IGN Review of Orcs & Elves
As the world of videogames advances through its years, so do the gamers' expectations. We want it big. We want it elaborate. We want it to blow our minds with all sorts of visual effects and stuff to do. Although we can certainly reminisce about the good ol' days of the dungeon-crawling games like Bard's Tale, Eye of the Beholder, and Lands of Lore, any game that'd attempt that more simplistic style nowadays would tank in favor of the boffo Square Enix productions, right? Wrong. Orcs & Elves is a surprisingly successful mix of contemporary ideas mixed in with back-to-the-basics game design of the classic dungeon hacker. Its no-nonsense presentation creates a quickly-paced, action-packed game that's full of energy. Even though its simplified gameplay, just like its mobile phone counterpart id Software's design works on the Nintendo DS. It has a way of sneaking under the radar; Orcs & Elves is a great nod to a genre that's been left behind.

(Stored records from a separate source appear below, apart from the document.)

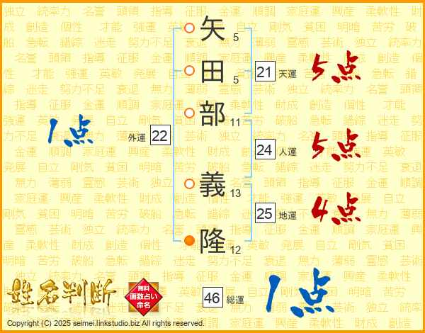 矢(5画)田(5画)部(11画) 義(13画)隆(12画)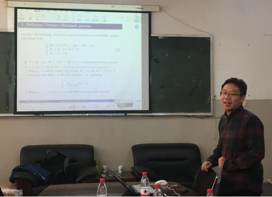 此次报告主题为“Asymptotic Properties for the Reflected Ornstein-Uhlenbeck Process and Applications”。蒋辉教授首先介绍了Levy过程、反射OU过程等基本概念,然后分别对单边反射OU过程和双边反射OU过程的积分泛函的偏差性质做了进一步讲解与讨论。
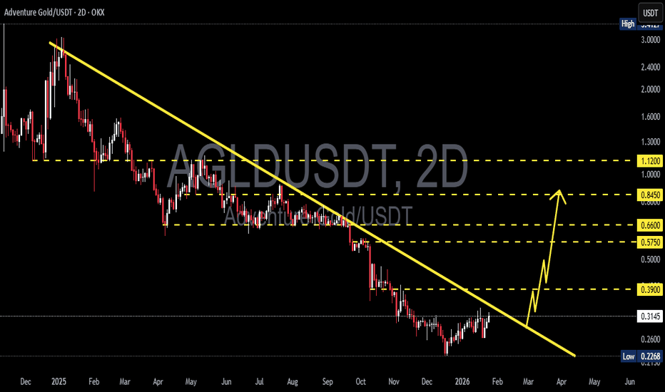 AGLD/USDT remains in a long-term downtrend, characterized by a clear sequence of lower highs and lower lows since its peak. However, recent price action shows weakening bearish momentum and early signs of a consolidation phase after a prolonged decline. --- Pattern & Price Structure Price continues to move below the main descending trendline (yellow line), which has acted as a dynamic resistance since the beginning of the downtrend. The current structure resembles a Descending Channel / Extended Downtrend with Base Formation. At the lower area, price compression is visible as the range tightens, indicating the potential for a strong directional move ahead. As long as price remains below the descending trendline, the broader structure is still technically bearish. --- Key Levels (Support & Resistance) Resistance: 0.390 → nearest resistance and previous rejection zone 0.575 → mid-term resistance and former distribution area 0.660 – 0.845 → strong supply zone 1.120 →... Read more -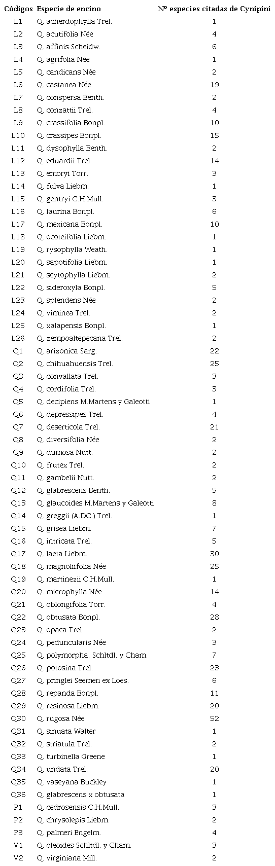 Para cada especie gallícola se menciona el tipo de generación que representa (sexual o agámica). Para los hospedadores (Quercus ssp.) se menciona siempre la especie de encino que figura originalmente en el trabajo consultado y el nombre actual en el caso de que fuera un sinónimo. Con el fin de verificar las especies válidas de Quercus, ha sido consultada la página "Oaks of the World" (Hélardot, 2020). En lo que se refiere a la presencia o no de una cita de Quercus en un estado determinado, se ha consultado el estudio de Valencia (2004). Cada dato extraído se acompaña de la página de donde se encuentra el dato bibliográfico.

Put Orcs & Elves on the same level as any other role-playing game and you might find yourself disappointed. You can't select your character's class, or name him
or even catch a glimpse of what he looks like. Your fate has been chosen for you by the scriptwriters
you're just a dude with a talking wand sent out to avenge the kidnapping of your king inside a mountain citadel with winding mazes of dungeons.
What the game lacks in story and customization, it makes up for it in a game design that gets straight to the point. You're thrust into got a sword for up-close combat and a wand to blast those far away targets. Movement is entirely grid-based: every step forward, left, right or backward, as well as every rotation is in 90 degree increments. It's also turn-based, which is really Orcs & Elves' biggest hook. Each move is a "turn." If there are other creatures in the general vicinity, they'll take their "turn" after you take yours. Specific creatures can make two turns to your one, moving one slot and attacking - but for the most part and with a few exceptions both the player and the creatures are on the same playing field, so to speak.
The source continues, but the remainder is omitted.